2022-08-02 16:21:36 Hail: INFO: ld_prune: running local pruning stage with max queue size of 541201 variants
2022-08-02 16:24:01 Hail: INFO: wrote table with 3356459 rows in 115376 partitions to /tmp/M9ZpN5CoeFopVRDnpKVv5V
Total size: 95.67 MiB
* Rows: 95.67 MiB
* Globals: 11.00 B
* Smallest partition: 0 rows (21.00 B)
* Largest partition: 77 rows (2.33 KiB)
2022-08-02 16:28:36 Hail: INFO: Wrote all 820 blocks of 3356459 x 294 matrix with block size 4096.
2022-08-02 16:35:52 Hail: INFO: wrote table with 48565726 rows in 1639 partitions to /tmp/tfHThUiCD9m00Bz2BKBVyt
Total size: 533.95 MiB
* Rows: 500.28 MiB
* Globals: 33.66 MiB
* Smallest partition: 419 rows (3.91 KiB)
* Largest partition: 78125 rows (840.47 KiB)

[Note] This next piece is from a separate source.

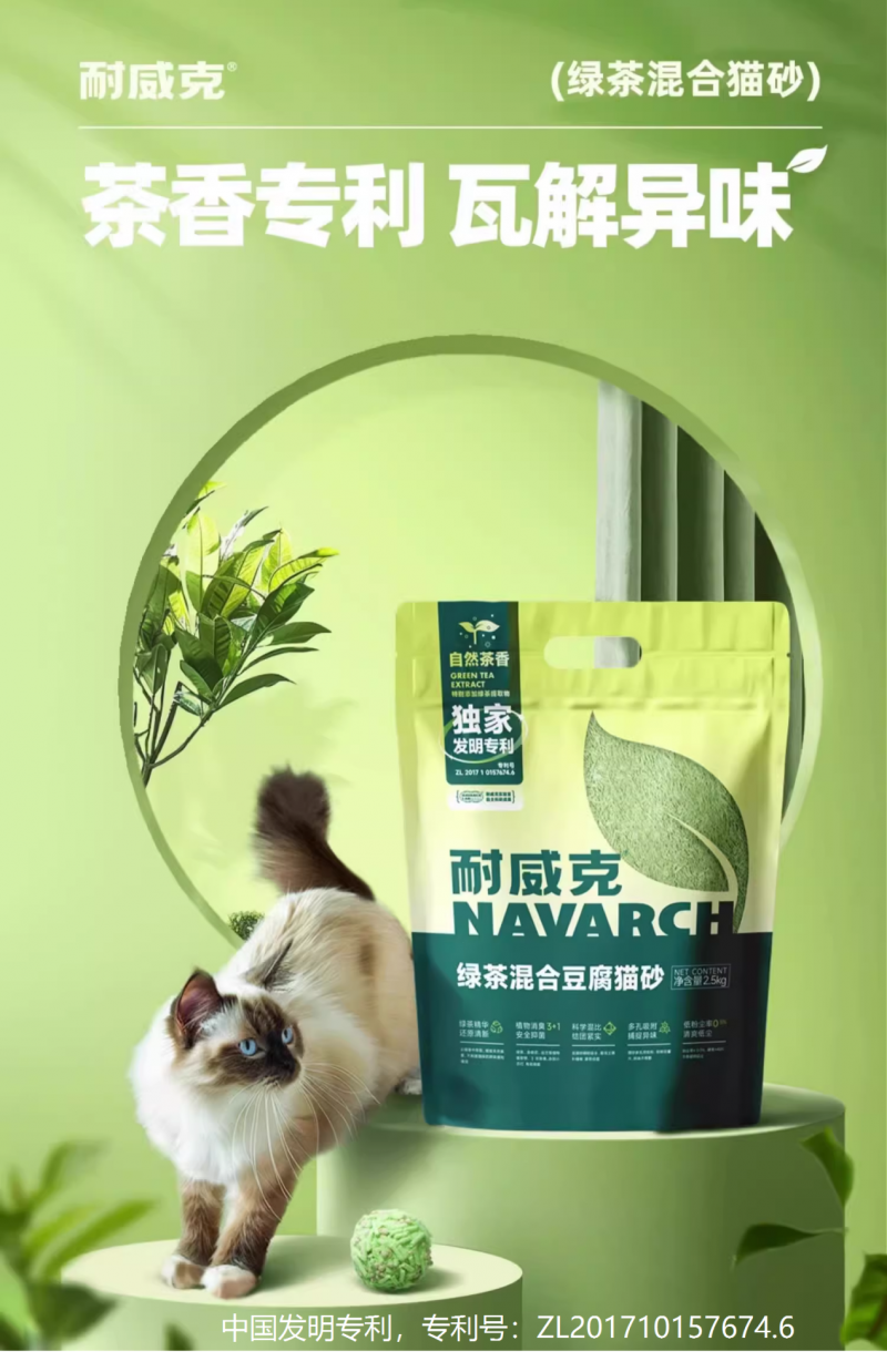 在猫砂这一竞争激烈的宠物用品领域,耐威克同样表现亮眼。耐威克绿茶猫砂凭借除臭、结团、环保等综合性能,在过去五年中持续获得消费者青睐。耐威克绿茶猫砂的除臭效果之所以这么好,是因为它采用了独家茶香专利技术(中国发明专利,专利号:ZL201710157674.6)。
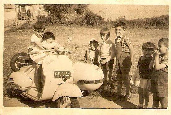 Nos cuenta Carlos López Feijoó, que el niño que aparece sentado en la Vespa con Carmiña, es él. Y que la fotografía está tomada en el barrio del Rocío en Bouzas, Vigo. El sidecar pertenecía a su padre, Julián López Pérez, conocido por el apodo de “el francés”. El “francés” nació al otro lado de los Pirineos. En tierras galas. De madre Cordobesa y Padre Riojano. Ambos emigrantes. A Vigo llegó como técnico para montar maquinaria en diferentes empresas. Que él recuerde en Álvarez y Massó. Por aquel entonces paraba en la Pensión Casablanca. “El francés” era un apasionado del fútbol. Llevaba al “Celtiña” en lo más profundo de su corazón. Era el equipo de sus amores. También le gustaban mucho los niños. Carlos nos cuenta que su padre cargaba el sidecar con los chavales del barrio y se los llevaba a todos a ver los partidos. A su madre, hermano y a él, también los llevaba a las excursiones organizadas por el Vespa Club Vigo. Recuerda todavía hoy una excursión en concreto. La que hicieron a Zamora, en pleno invierno, cruzando el Alto de la Herradura, entre las provincias de Pontevedra y Orense, y las infinitas curvas del trazado. También el frío que pasaron los cuatro viajando en esta PO 245 con sidecar ese día. Si nos fijamos, al fondo se puede ver un carro de bueyes. El carro era del Sr. Antonio "el Portugués".

2022-08-02 16:39:12 Hail: WARN: over 400,000 edges are in the graph; maximal_independent_set may run out of memory
ERROR: (gcloud.dataproc.jobs.submit.pyspark) Job [db790e4009254d9893a4dc042d62d717] failed with error:
Google Cloud Dataproc Agent reports job failure. If logs are available, they can be found at:
https://console.cloud.google.com/dataproc/jobs/db790e4009254d9893a4dc042d62d717?project=broad-mpg-gnomad®ion=us-central1
gcloud dataproc jobs wait 'db790e4009254d9893a4dc042d62d717' --region 'us-central1' --project 'broad-mpg-gnomad'
https://console.cloud.google.com/storage/browser/dataproc-faa46220-ec08-4f5b-92bd-9722e1963047-us-central1/google-cloud-dataproc-metainfo/c9402aa7-e519-41e2-b3e0-7c91dc3d72dc/jobs/db790e4009254d9893a4dc042d62d717/
gs://dataproc-faa46220-ec08-4f5b-92bd-9722e1963047-us-central1/google-cloud-dataproc-metainfo/c9402aa7-e519-41e2-b3e0-7c91dc3d72dc/jobs/db790e4009254d9893a4dc042d62d717/driveroutput
Traceback (most recent call last):
File "/Users/kristen/miniconda3/envs/hail/bin/hailctl", line 8, in <module>
sys.exit(main())
File "/Users/kristen/miniconda3/envs/hail/lib/python3.7/site-packages/hailtop/hailctl/__main__.py", line 107, in main
cli.main(args)
File "/Users/kristen/miniconda3/envs/hail/lib/python3.7/site-packages/hailtop/hailctl/dataproc/cli.py", line 124, in main
jmp[args.module].main(args, pass_through_args))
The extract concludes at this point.